*** Opening of MATERIAL TO PROCESS ***

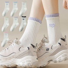 7개1세트 뷰티 여성 마카롱 포인트 데일리 중목 양말 7켤레
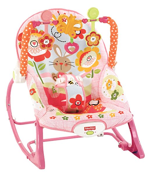 The Fisher-Price Infant-to-Toddler Rocker in this sweet bunny print is just right for growing babies. It’s a reclining infant seat with a fold-out kickstand that makes it great for feeding. Adjust the seat upright so baby’s movements create a rocking motion, while stimulating toys and music are there for baby to enjoy. For naptime, you can remove the toy bar and switch on calming vibrations. And as your child grows, this product becomes a toddler rocking chair for children up to 40 lbs. The seat pad is machine washable and dryer safe.
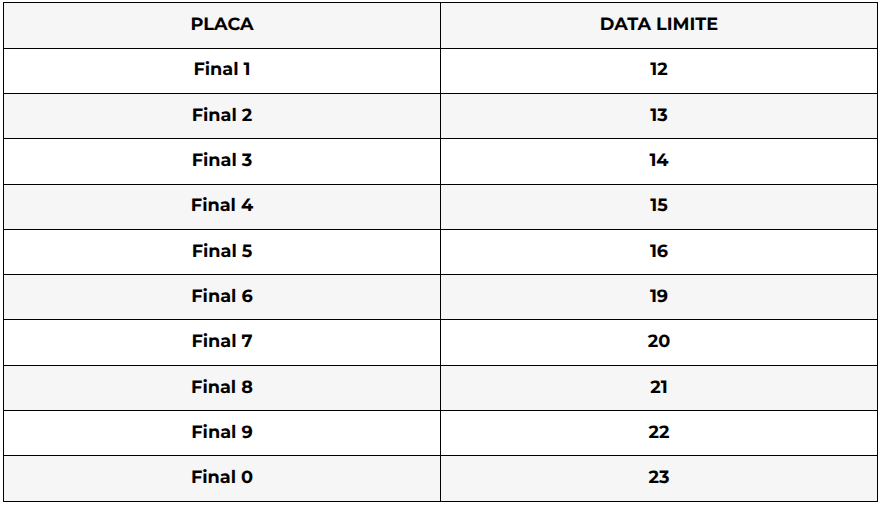 Quem preferir poderá realizar o pagamento em fevereiro, sem o desconto, também observando a data de vencimento conforme o número final da placa.
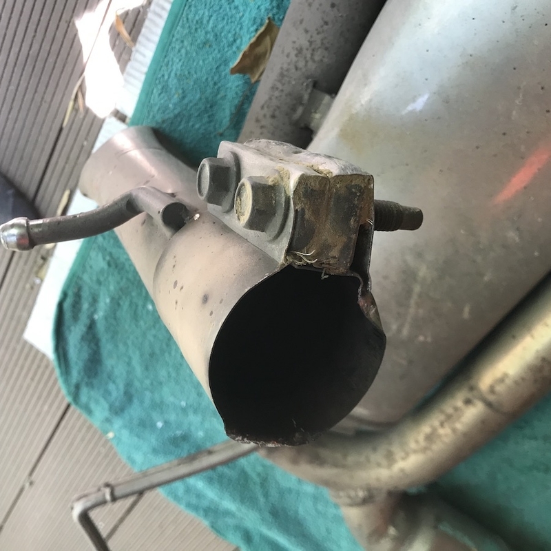 Alors marche arrière pour faire demi-tour les roues arrières dans la parcelles et… et le pot accroche. Mais comme il accroche partout j'me dis allez force ! Et crack le pot plié arraché, les attaches fendues, la valence cassée et le parechoc tordu… -
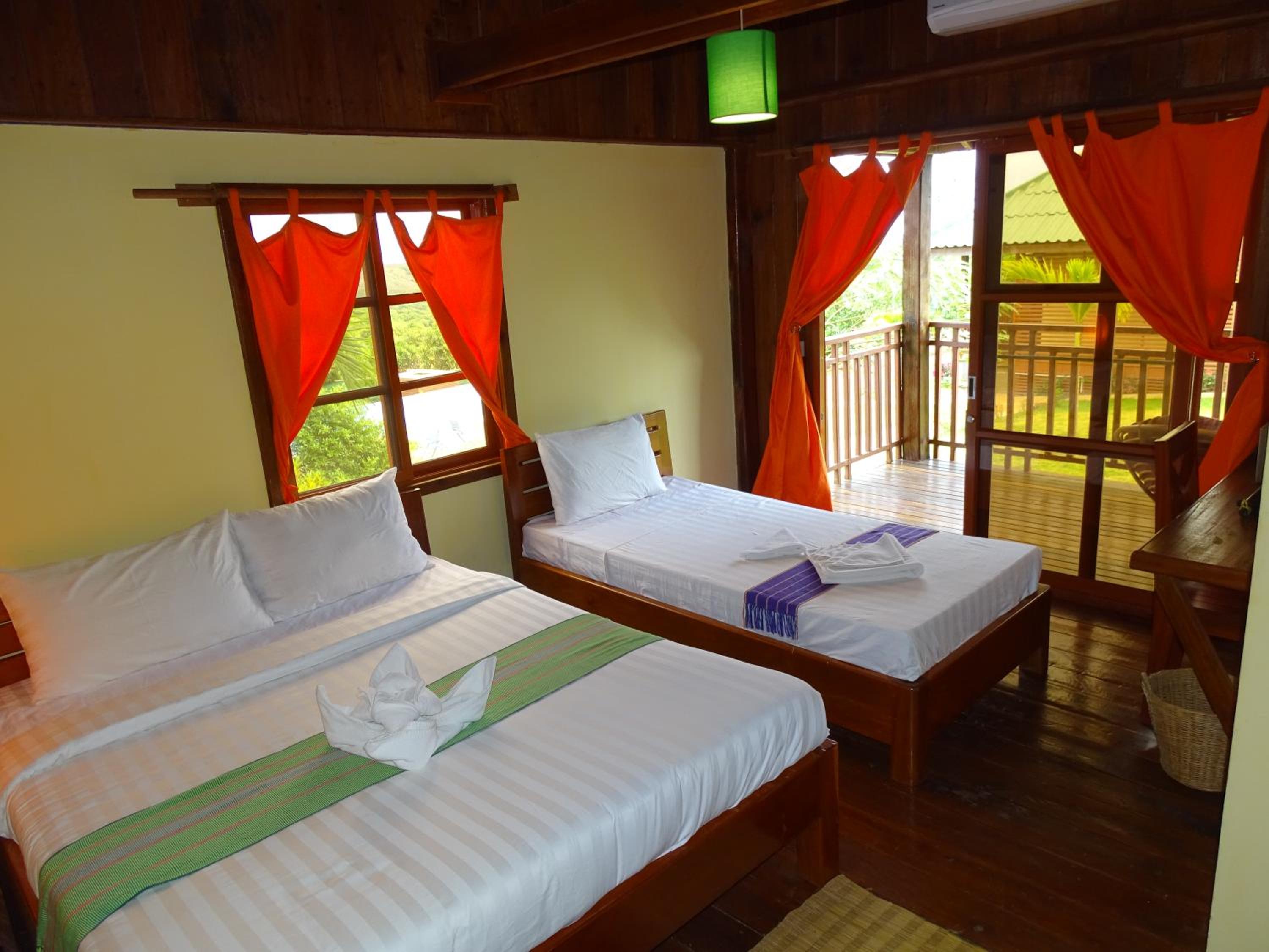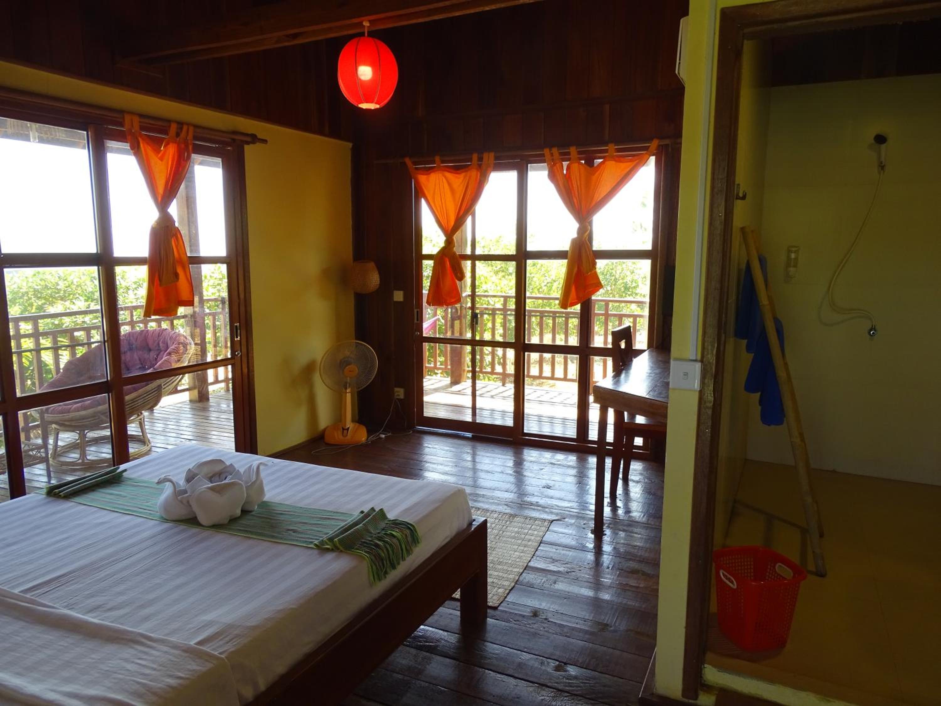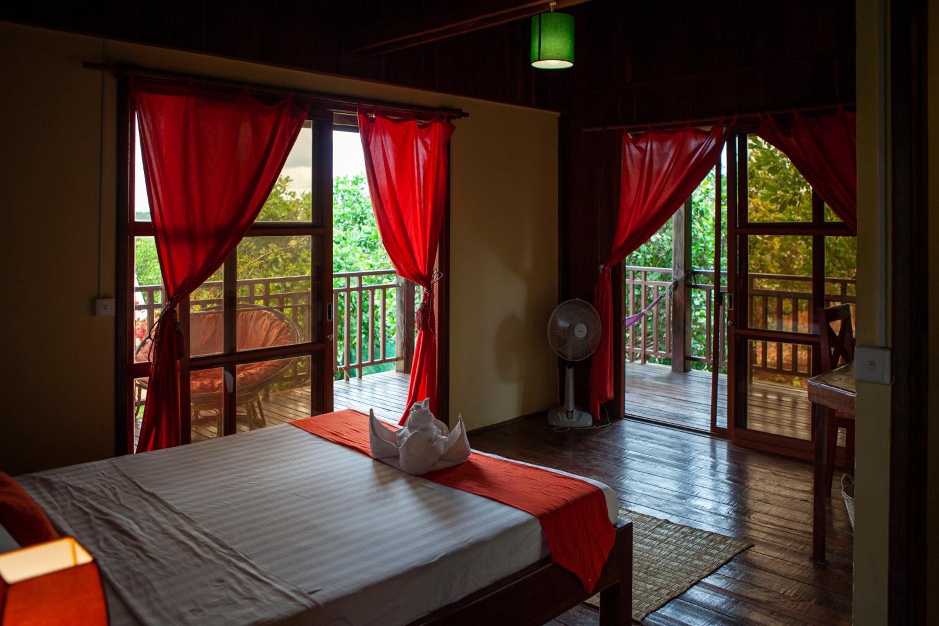 Owners were really caring, they made a piece of art with some towels and flowers for our wedding anniversary. We came with the flu and they gave us some ginger, lemon and honey tea which were just perfect for our sore throats. View was wonderful, you could see the hills of forest around on the terrace, was beautiful especially during sunset time. Easy to rent a motorbike and they can order a TukTuk for you and arrange tours and other activities. Nice swimming pool. There’s is a pool table at the restaurant and you can ask to eat in your room and it was good meals very convenient! Finally, the place is remote around 8 min from the city so it is very quiet and relaxing away feels like hidden from the world kind of feeling ;)
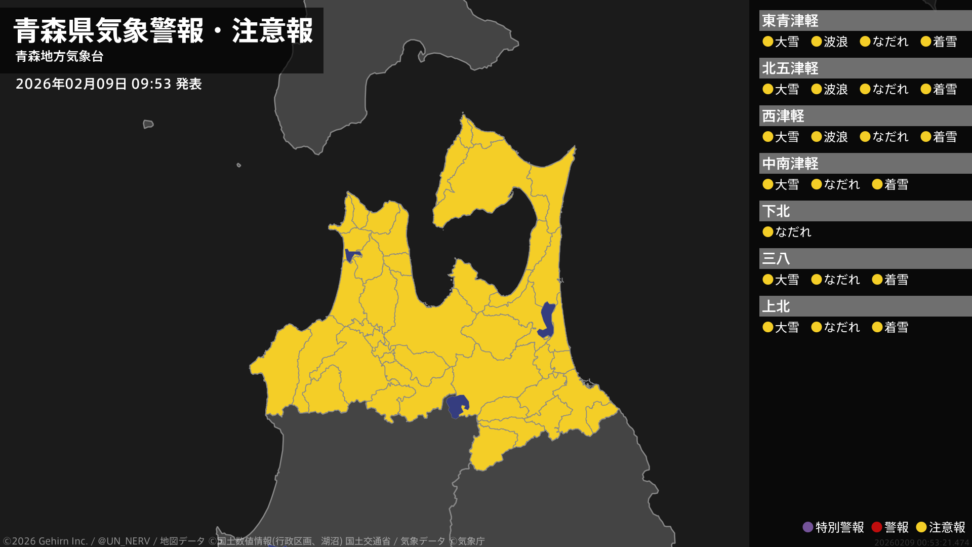 【青森県 気象警報・注意報 2026年02月09日 09:53】
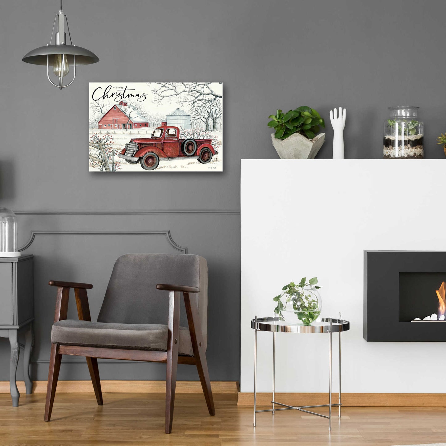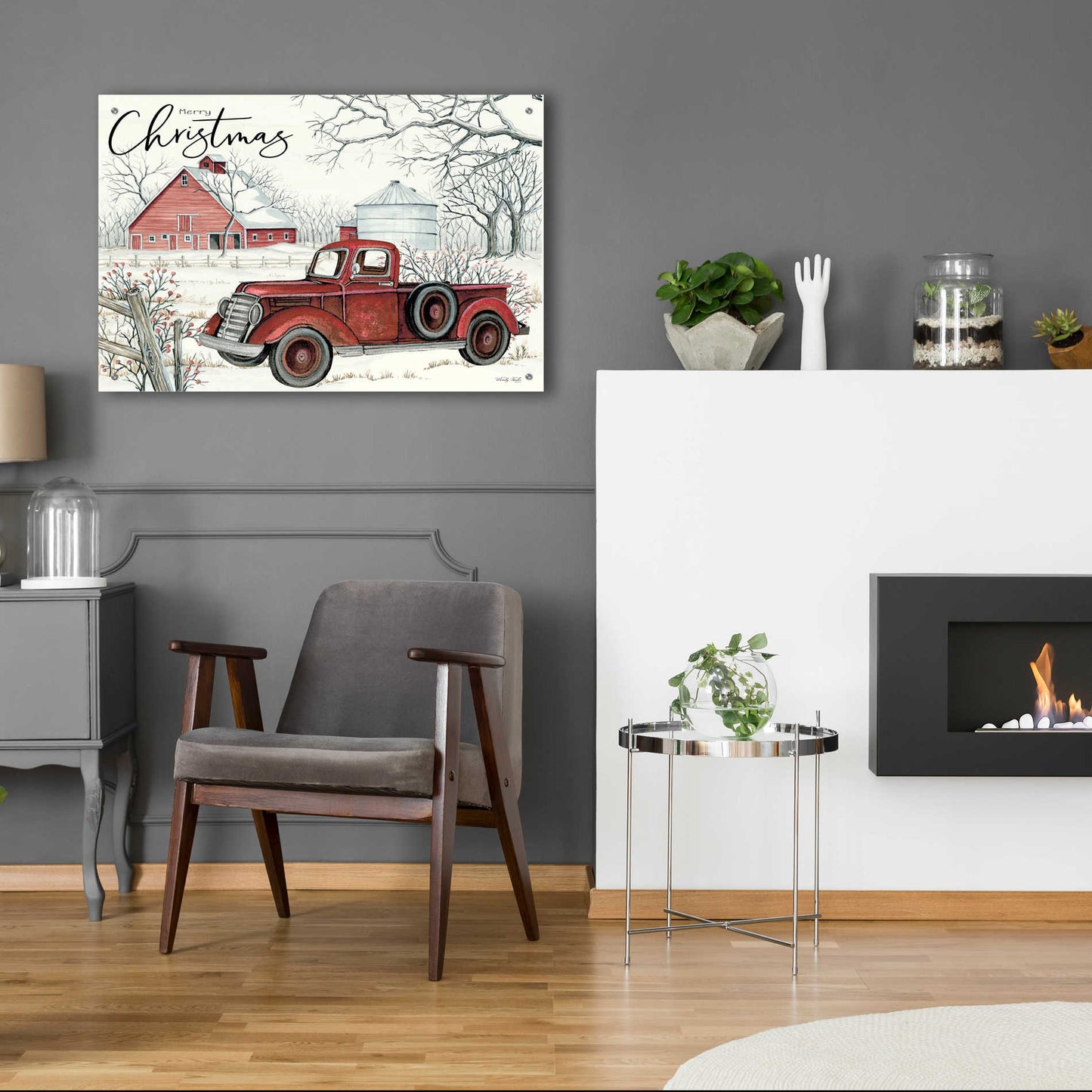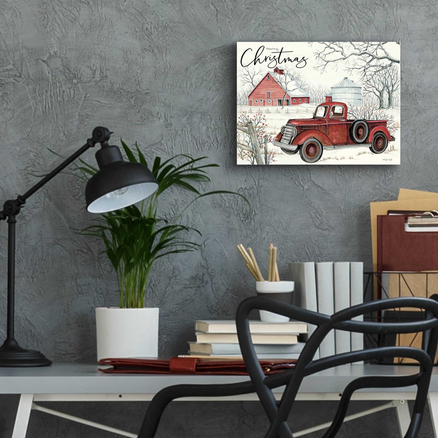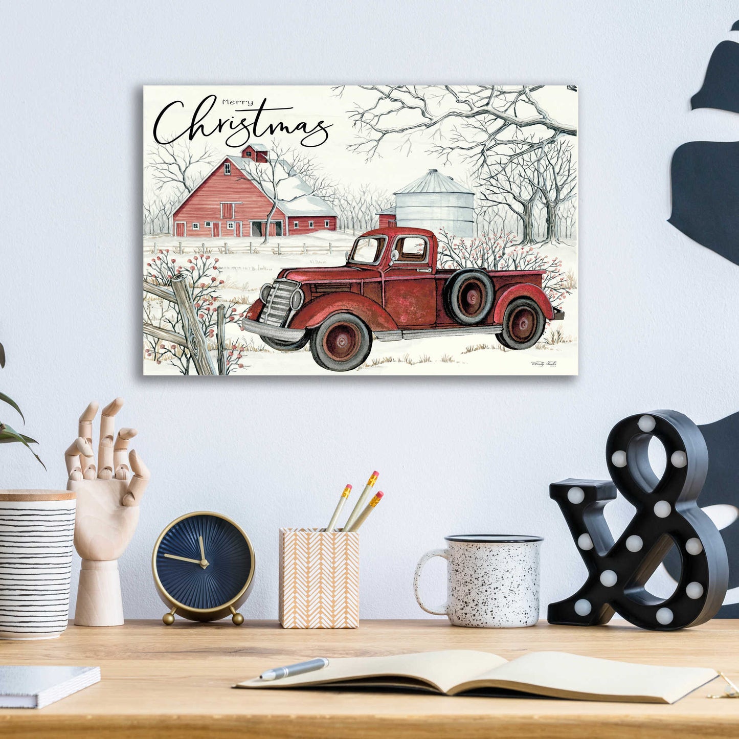 "Red Truck Winter Barn" by Cindy Jacobs.
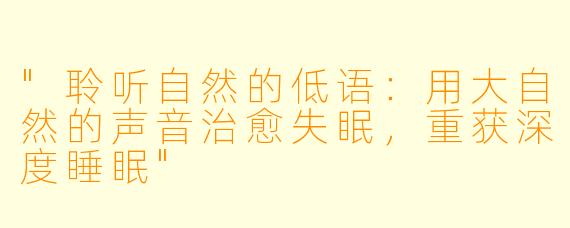 "聆听自然的低语:用大自然的声音治愈失眠,重获深度睡眠"
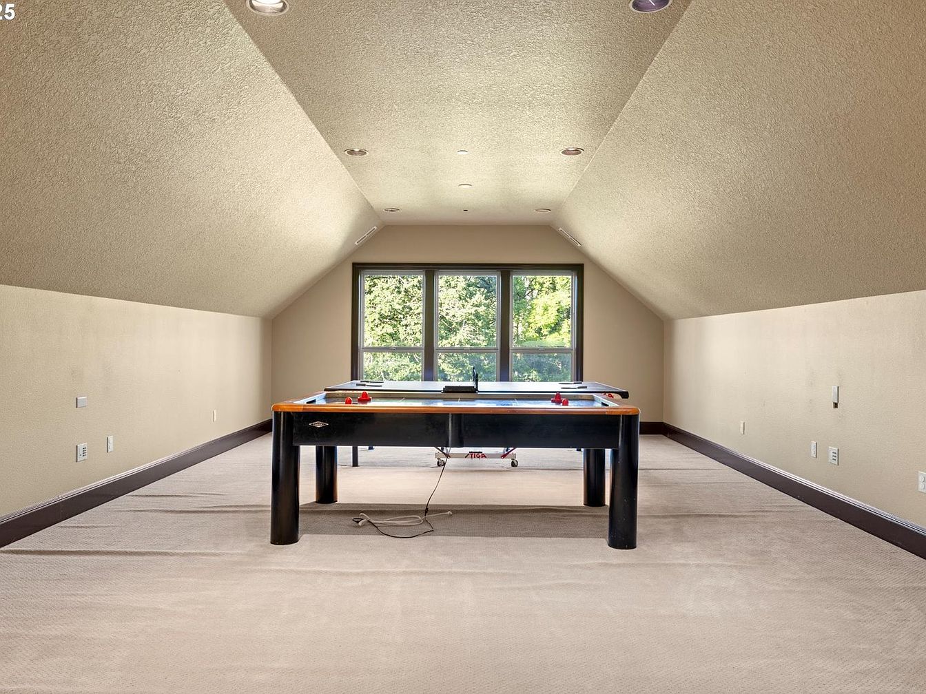This room features a cozy, attic-style layout with sloped ceilings painted in a neutral beige tone. The walls maintain a matching beige, creating a warm, inviting atmosphere, complemented by dark brown baseboards that add contrast and definition. Centered beneath a large trio of windows that provide natural light and a view of lush greenery outside, a black air hockey table with wooden edging serves as the focal point, positioned on a soft, beige carpet that cushions the floor. Six recessed ceiling lights ensure ample illumination for evening play and leisure activities.
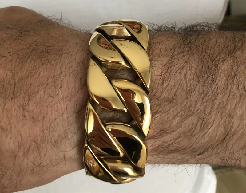 Náramok na ruku pre muža z chirurgickej ocele. Povrch náramku je leštený pozlátený technológiou IP. Náramok je široký 31mm. Zapínanie náramku je na masívny klip.
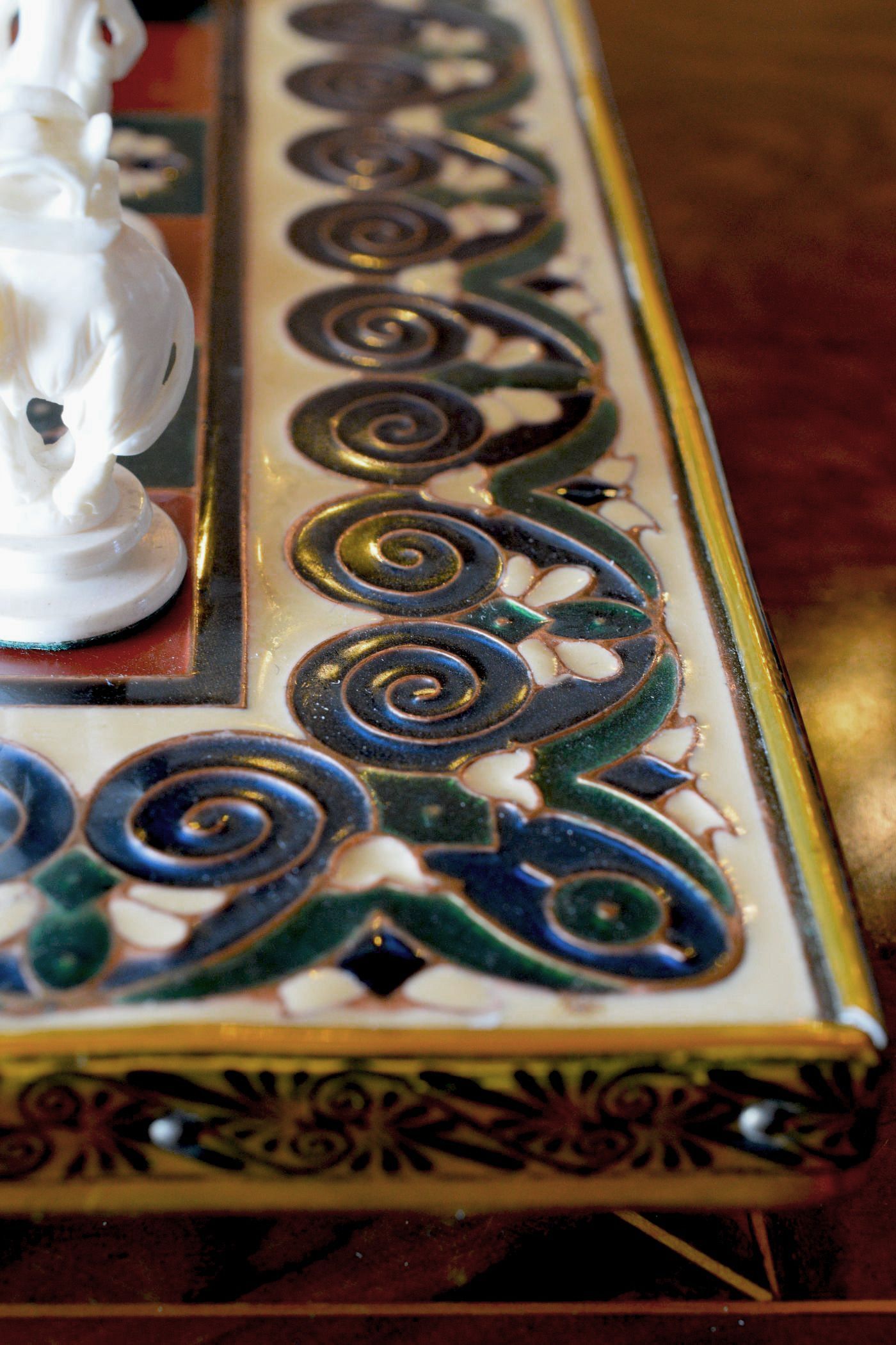 The style of the ornaments on the board is reminding of Art Nouveau or Art Déco decorations, which may indicate that the board was created around the turn of the century. For the photoshoot I paired the board with a figural ivory chess set from approximately the same period, which was made in Erbach. More pictures of the chess set can be found

*** Close of MATERIAL TO PROCESS ***

## WORK INSTRUCTION
Could the lines from the first entry through the line that contains "Alors marche arrière" be copied exactly, with all pictures left out?

## SOLVED EXERCISE
 7개1세트 뷰티 여성 마카롱 포인트 데일리 중목 양말 7켤레
 The Fisher-Price Infant-to-Toddler Rocker in this sweet bunny print is just right for growing babies. It’s a reclining infant seat with a fold-out kickstand that makes it great for feeding. Adjust the seat upright so baby’s movements create a rocking motion, while stimulating toys and music are there for baby to enjoy. For naptime, you can remove the toy bar and switch on calming vibrations. And as your child grows, this product becomes a toddler rocking chair for children up to 40 lbs. The seat pad is machine washable and dryer safe.
 Quem preferir poderá realizar o pagamento em fevereiro, sem o desconto, também observando a data de vencimento conforme o número final da placa.
 Alors marche arrière pour faire demi-tour les roues arrières dans la parcelles et… et le pot accroche. Mais comme il accroche partout j'me dis allez force ! Et crack le pot plié arraché, les attaches fendues, la valence cassée et le parechoc tordu… -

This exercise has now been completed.